About this exercise:
Pick out the lines below that contain the string "after" and copy them all.

Records for the task:
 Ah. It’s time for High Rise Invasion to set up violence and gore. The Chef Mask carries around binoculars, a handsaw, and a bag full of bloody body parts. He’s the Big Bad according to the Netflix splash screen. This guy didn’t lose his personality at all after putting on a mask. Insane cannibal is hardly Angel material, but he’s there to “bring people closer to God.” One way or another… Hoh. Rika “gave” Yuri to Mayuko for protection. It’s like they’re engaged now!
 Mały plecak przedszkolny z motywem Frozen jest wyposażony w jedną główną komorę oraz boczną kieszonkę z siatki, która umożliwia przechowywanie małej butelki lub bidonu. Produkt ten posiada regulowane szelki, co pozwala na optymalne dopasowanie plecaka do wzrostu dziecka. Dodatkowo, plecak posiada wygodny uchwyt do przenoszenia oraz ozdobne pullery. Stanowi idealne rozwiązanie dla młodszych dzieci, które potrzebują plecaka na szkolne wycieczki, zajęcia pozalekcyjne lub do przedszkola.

* * *

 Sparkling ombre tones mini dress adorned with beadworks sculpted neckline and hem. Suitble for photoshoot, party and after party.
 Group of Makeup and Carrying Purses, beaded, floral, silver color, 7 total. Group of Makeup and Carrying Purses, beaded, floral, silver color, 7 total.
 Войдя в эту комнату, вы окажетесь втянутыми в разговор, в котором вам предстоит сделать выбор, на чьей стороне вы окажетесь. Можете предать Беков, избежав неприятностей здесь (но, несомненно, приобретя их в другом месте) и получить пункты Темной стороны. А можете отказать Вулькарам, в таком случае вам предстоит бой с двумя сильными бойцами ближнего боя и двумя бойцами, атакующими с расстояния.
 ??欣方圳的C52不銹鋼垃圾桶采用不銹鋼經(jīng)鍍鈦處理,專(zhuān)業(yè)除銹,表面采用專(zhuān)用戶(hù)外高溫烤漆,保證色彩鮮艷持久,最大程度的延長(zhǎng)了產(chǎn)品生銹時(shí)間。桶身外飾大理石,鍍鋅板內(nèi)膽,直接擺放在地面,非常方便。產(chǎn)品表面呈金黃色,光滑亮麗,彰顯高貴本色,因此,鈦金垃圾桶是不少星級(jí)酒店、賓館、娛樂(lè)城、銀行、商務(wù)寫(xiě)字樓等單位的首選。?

Reply:
 Ah. It’s time for High Rise Invasion to set up violence and gore. The Chef Mask carries around binoculars, a handsaw, and a bag full of bloody body parts. He’s the Big Bad according to the Netflix splash screen. This guy didn’t lose his personality at all after putting on a mask. Insane cannibal is hardly Angel material, but he’s there to “bring people closer to God.” One way or another… Hoh. Rika “gave” Yuri to Mayuko for protection. It’s like they’re engaged now!
 Sparkling ombre tones mini dress adorned with beadworks sculpted neckline and hem. Suitble for photoshoot, party and after party.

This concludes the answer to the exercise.